I have been engaged in swing trading for seven or eight years and have studied the characteristics of this type of trading quite thoroughly. I am happy to share them with you, using the initial case as an example for explanation.

(Remark: No matter what type of trading you engage in, it is essential to study it thoroughly. Knowing both yourself and the market is the key to success in every battle.)Feature 1: Swing trading aims to capture a segment of profit within the market trend and actively takes profits.

Swing trading mostly adopts a fixed profit-to-loss ratio trading model. In this case, the trading profit-to-loss ratio is fixed at 2:1, with all profitable order amounts around 200, and all losing order amounts around 100.

For the EUR/USD hourly swing, during significant market movements, profits can be around 100 pips, and during smaller market movements, profits can range from 30 to 40 pips.

Once an order is closed, the process restarts, waiting for the next trading signal to appear.

Feature 2: Typically uses a fixed stop-loss amount for money management rules.

The money management rule demonstrated in the chart uses a fixed single stop-loss of 1% as the standard.

The initial capital is 10,000 units of currency, and the amount for a single stop-loss is 100 units. The position size for opening a trade is calculated based on the stop-loss space. The calculation formula is: Stop-loss amount / Stop-loss space = Position size.

As can be seen in the chart, when the stop-loss space is small, the position is heavy; the maximum position opened in the chart reaches 0.9 lots, 0.8 lots, with these orders having a stop-loss space of only about 10 pips. When the stop-loss space is large, the position is lighter; the minimum position in the chart goes down to 0.11 lots, with these orders having a stop-loss space of 80-90 pips.

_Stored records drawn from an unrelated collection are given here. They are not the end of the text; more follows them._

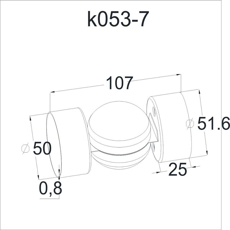 Поворот поручня, шаровый под Ø50.8х0.8 мм, полированный AISI 201 k053-7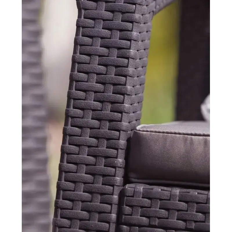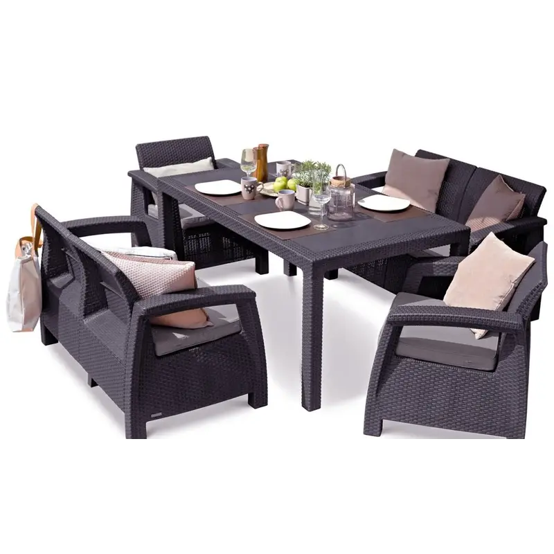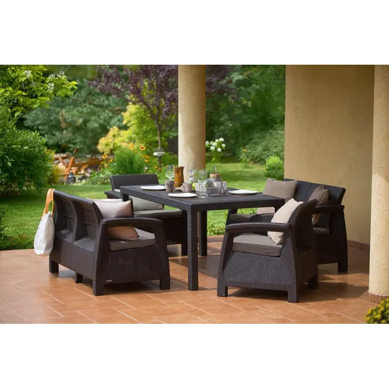 Набір садових меблів Keter Corfu Fiesta — це стильне й просторе рішення для облаштування зони відпочинку на дачі, терасі або в саду. Комплект розрахований на шість осіб і включає два дивани, два крісла та прямокутний стіл. Завдяки імітації плетіння ротанга та насиченому графітовому кольору меблі виглядають сучасно й естетично. Усі елементи виготовлені з міцного поліпропілену, стійкого до вологи, УФ-випромінювання та механічних пошкоджень. Подушки із сірими знімними чохлами забезпечують додатковий комфорт. Комплект легко збирається, не потребує складного догляду й чудово зберігає зовнішній вигляд при використанні просто неба.Особливості Виготовлений із міцного поліпропілену з текстурою під ротанг, стійкого до атмосферних впливів, ультрафіолету та вологи; Зручні крісла та дивани мають ергономічну форму й комплектуються м’якими подушками зі знімними чохлами; Прямокутний стіл із великою поверхнею 161×95 см ідеально підходить для обідів, напоїв і настільних ігор на свіжому повітрі; Усі елементи комплекту не піддаються корозії, не іржавіють і не гниють завдяки повністю пластиковому корпусу; Легка збірка без інструментів — меблі збираються вручну за простою інструкцією; Максимальне навантаження на кожне крісло становить 110 кг, що забезпечує міцність і надійність під час експлуатації.Варіанти використання Набір пластикових меблів оптимальний для сімейних обідів на дачі або в саду завдяки великому столу та зручним місцям для сидіння; Чудове рішення для прийому гостей на терасі, в зоні барбекю або біля басейну; Підходить для оформлення літніх кафе, готелів, пансіонатів і лаунж-зон із великою прохідністю; Може використовуватись як стаціонарний комплект для організації обідньої зони під навісом або тентом; Зручний для сезонного використання та легко складається на зберігання в холодну пору року завдяки модульній конструкції.*Реальний колір товару може дещо відрізнятися від зразків, представлених на сайті, залежно від технічних налаштувань вашого екрану, а також, зважаючи на особливості матеріалу, відтінок може змінюватися залежно від освітлення.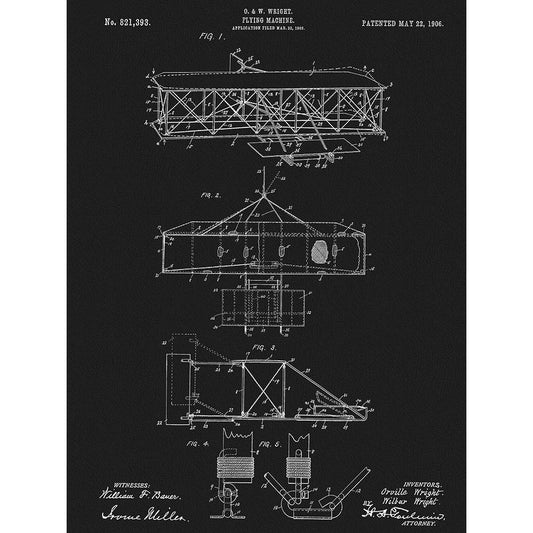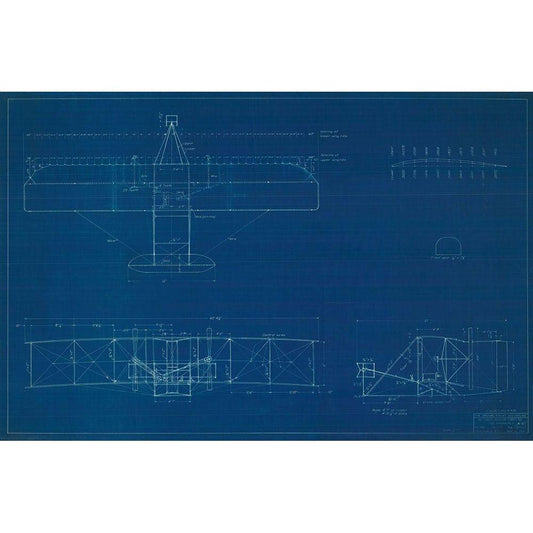 Wright Brothers Plane,Blueprint Black Modern Wood Framed Art Print by Anonymous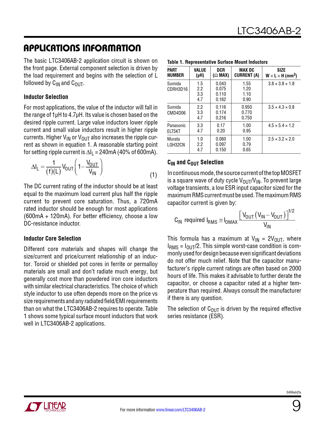 LTC3406AB-2 applicaTions inForMaTion The basic LTC3406AB-2 application circuit is shown on Table 1. Representative Surface Mount Inductors the front page. External component selection is driven by PARTVALUEDCRMAX DCSIZE the load requirement and begins with the selection of L NUMBER(µH)( W MAX) CURRENT (A)W × L × H (mm3) followed by CIN and COUT. Sumida 1.5 0.043 1.55 3.8 × 3.8 × 1.8 CDRH3D16 2.2 0.075 1.20 Inductor Selection 3.3 0.110 1.10 4.7 0.162 0.90 For most applications, the value of the inductor will fall in Sumida 2.2 0.116 0.950 3.5 × 4.3 × 0.8 the range of 1µH to 4.7µH. Its value is chosen based on the CMD4D06 3.3 0.174 0.770 4.7 0.216 0.750 desired ripple current. Large value inductors lower ripple Panasonic 3.3 0.17 1.00 4.5 × 5.4 × 1.2 current and small value inductors result in higher ripple ELT5KT 4.7 0.20 0.95 currents. Higher VIN or VOUT also increases the ripple cur- Murata 1.0 0.060 1.00 2.5 × 3.2 × 2.0 rent as shown in equation 1. A reasonable starting point LQH32CN 2.2 0.097 0.79 for setting ripple current is DI 4.7 0.150 0.65 L = 240mA (40% of 600mA). V C DI OUT IN and COUT Selection L = 1 (f) L() VOUT 1− VIN (1) In continuous mode, the source current of the top MOSFET is a square wave of duty cycle VOUT/VIN. To prevent large The DC current rating of the inductor should be at least voltage transients, a low ESR input capacitor sized for the equal to the maximum load current plus half the ripple maximum RMS current must be used. The maximum RMS current to prevent core saturation. Thus, a 720mA capacitor current is given by: rated inductor should be enough for most applications 1/2 (600mA + 120mA). For better efficiency, choose a low V OUT (VIN − VOUT ) DC-resistance inductor. CIN required IRMS ≅ IOMAX VIN Inductor Core Selection This formula has a maximum at VIN = 2VOUT, where Different core materials and shapes will change the IRMS = IOUT/2. This simple worst-case condition is com- size/current and price/current relationship of an induc- monly used for design because even significant deviations tor. Toroid or shielded pot cores in ferrite or permalloy do not offer much relief. Note that the capacitor manu- materials are small and don’t radiate much energy, but facturer’s ripple current ratings are often based on 2000 generally cost more than powdered iron core inductors hours of life. This makes it advisable to further derate the with similar electrical characteristics. The choice of which capacitor, or choose a capacitor rated at a higher tem- style inductor to use often depends more on the price vs perature than required. Always consult the manufacturer size requirements and any radiated field/EMI requirements if there is any question. than on what the LTC3406AB-2 requires to operate. Table The selection of COUT is driven by the required effective 1 shows some typical surface mount inductors that work series resistance (ESR). well in LTC3406AB-2 applications. 3406ab2fa For more information www.linear.com/LTC3406AB-2 9

Feature 3: The holding period is neither too long nor too short, fitting human nature.

The chart shows hourly swing trading, with a holding period that is quite moderate.When the market moves relatively quickly, positions can be closed on the same day. In the trading records, there are 9 transactions that were closed on the day they were opened. Most of the other orders were held for 1-2 days before being closed.

Of course, there are special cases, such as the short position on May 5th, which was held until May 19th before a stop loss was triggered. This kind of situation is relatively rare.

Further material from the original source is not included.